11. (C/NF) A final complication is the tiny size of Iceland's
foreign service, which greatly limits both the information at hand as
well as the ability to process that information. The International
Organizations Department Head noted wryly to PolOff that until now,
Iceland had the luxury of deciding which issues to follow, but that
this will come to a swift end in October should Iceland be voted in.

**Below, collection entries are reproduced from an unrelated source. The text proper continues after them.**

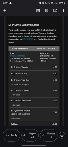 Read moreI have made an order for chicken 65,dum and Mutton biryani with chicken fried rice and chicken majestic and lollipop around 4pm. They said biryani and lollipop isn't available, they said if i can wait until 6pm. I have to go to work by 6.30pm so i have replaced biryanis with 1 more chicken fried rice, noodles, chicken manchurian and prawn 65 matching the price. They mentioned that they'll be able to deliver by 5.10pm but they haven't so I've made a call they said the food was readyvand waiting for driver and the next minute they called back and said that prawn wasn't available as they didn't bring the stock that day I was so furious it was already 5.30pm. They said they'll give chicken 65 with some extra pices coz the price of prawn 65 is higher. Finally i got my order at 5.55pm i was late for work and in my break while eating majestic there was a small stone and there was one more in manchuria, i had requested them in call as well as in instructions to have fried rice spicy but it wasn't and there should be two fried rice and one noodles instead i got 2 noodles and one fried rice. The taste was awful the only thing that was good is chicken majestic but i had to throw it away since there...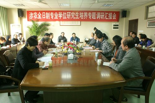 2010年11月20日,以西北农林科技大学副校长王跃进教授为组长,中国学位与研究生教育学会农林工作委员会会同全国农业推广硕士、兽医硕士、风景园林硕士专业学位教育指导委员会共同组织的专家组一行五人,来我校开展涉农全日制专业学位硕士研究生培养专项调研工作。专家组成员包括青岛农业大学郑国生教授、南京农业大学罗英姿教授、南京林业大学叶建仁教授、东北林业大学李春英老师。国务院学位办农工处欧百钢处长参加了调研会。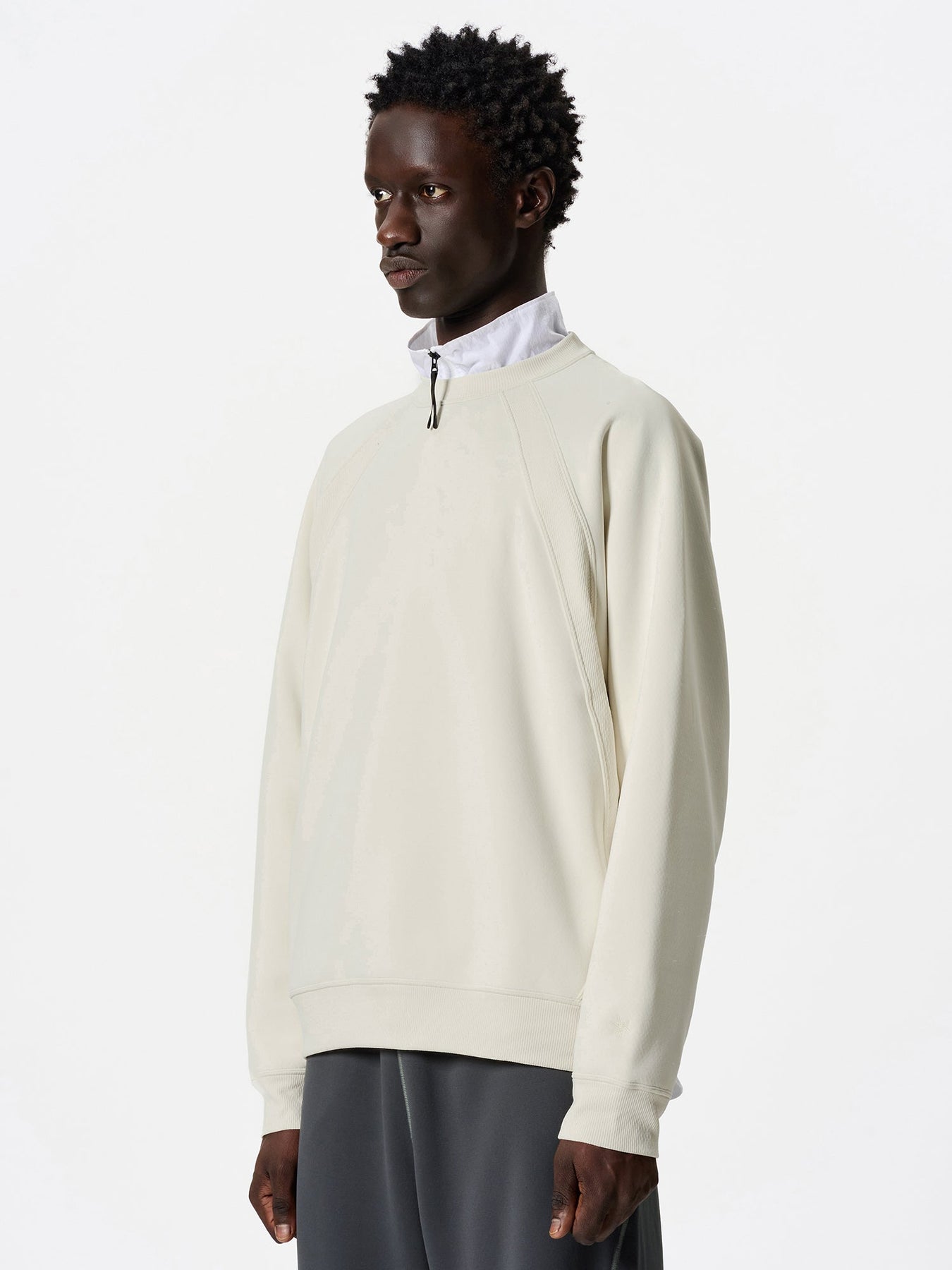 A technical crew-neck sweatshirt that balances a clean, minimalist appearance with superior comfort.

The MFA's Security Council campaign office has carefully examined the
UNSC experience of Costa Rica, another comparatively small state
without an army. Much of the expense of the UNSC campaign stems from
the expansion of the permanent mission in New York; current plans are
to double the size of the mission to 20 diplomats should Iceland win
election. Given that this is nearly 10 percent of Iceland's total
diplomatic corps, the entire personnel transfer season for this year
is on hold pending the vote results.

12. (C/NF) In practical terms, this means the Icelanders will look
more than usual to their Nordic colleagues for background and advice
on key issues. A division of labor across issues already exists,
according to MFA contacts and the Norwegian Embassy in Reykjavik, and
the Norwegians are expecting to be asked for quite a bit more help.
This stems both from the traditionally close relationship between the
two countries as well as the warm ties between FMs Gisladottir and
Stoere. Though Iceland has formally abandoned a previous proposal to
dual-accredit other Nordic diplomats at the UN, Nordic ties and
collaboration in New York and capitals will be very close if Iceland
wins its bid. For the USG, this will mean that engagement in other
Nordic capitals will take on new significance in influencing
Iceland's position.

13. (C/NF) Comment: Despite some policy differences and the
challenges of working with such a short-staffed diplomatic corps,
Post is confident that Iceland would work closely and productively
with us on the Security Council. Iceland is a member of NATO with
impeccable diplomatic credentials, and its default worldview is
generally in line with U.S. values and priorities.